Bacterial meningitis can be transmitted through the exchange of respiratory and throat secretions with people in close contact or direct contact with a patient's oral secretions, according to the Atlanta-based Centers for Disease Control & Prevention. People with HIV are particularly susceptible. Symptoms can include the sudden onset of fever, headache, stiff neck, nausea and vomiting. Bacterial meningitis can be treated effectively with antibiotics.

It typically takes symptoms three to seven days to appear, according to the CDC. But Pride officials say if you're feeling sick, get help and stay home.

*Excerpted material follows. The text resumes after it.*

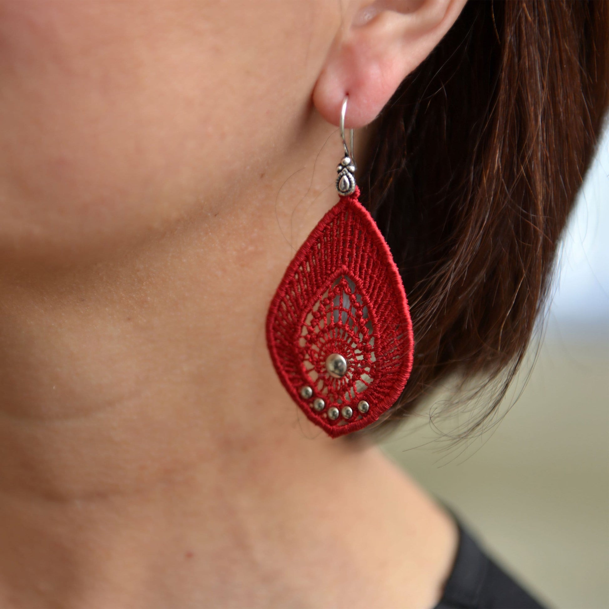 Style Up your outfit with these super-lightweight, long lace earrings created from damage-resistant lace. Give up on those typical earrings that feel heavy on the ear; instead, wear these delicate & sparkly long earrings with a modern vibe that looks sophisticated and has all the ingredients to give you an upscale look. With six brass silver beads arranged in an eye-catching fashion, these delicate lace earrings are sure to become your hot-favorite. Clings to your ears with a smooth antique silver hook.

“We look forward to people coming to Piedmont Park and enjoying themselves,” says Atlanta Pride Executive Director Buck Cooke. “But if you’re sick, seek medical attention and then stay home. We want people attending the festival to have fun and remain healthy.”

In June, health officials in New York told gay men to seek vaccination before attending Pride events after seeing higher rates of infection and death from meningitis among gay men. After meningitis led to the death of an HIV-positive man in April, health officials in Los Angeles warned gay men about the disease.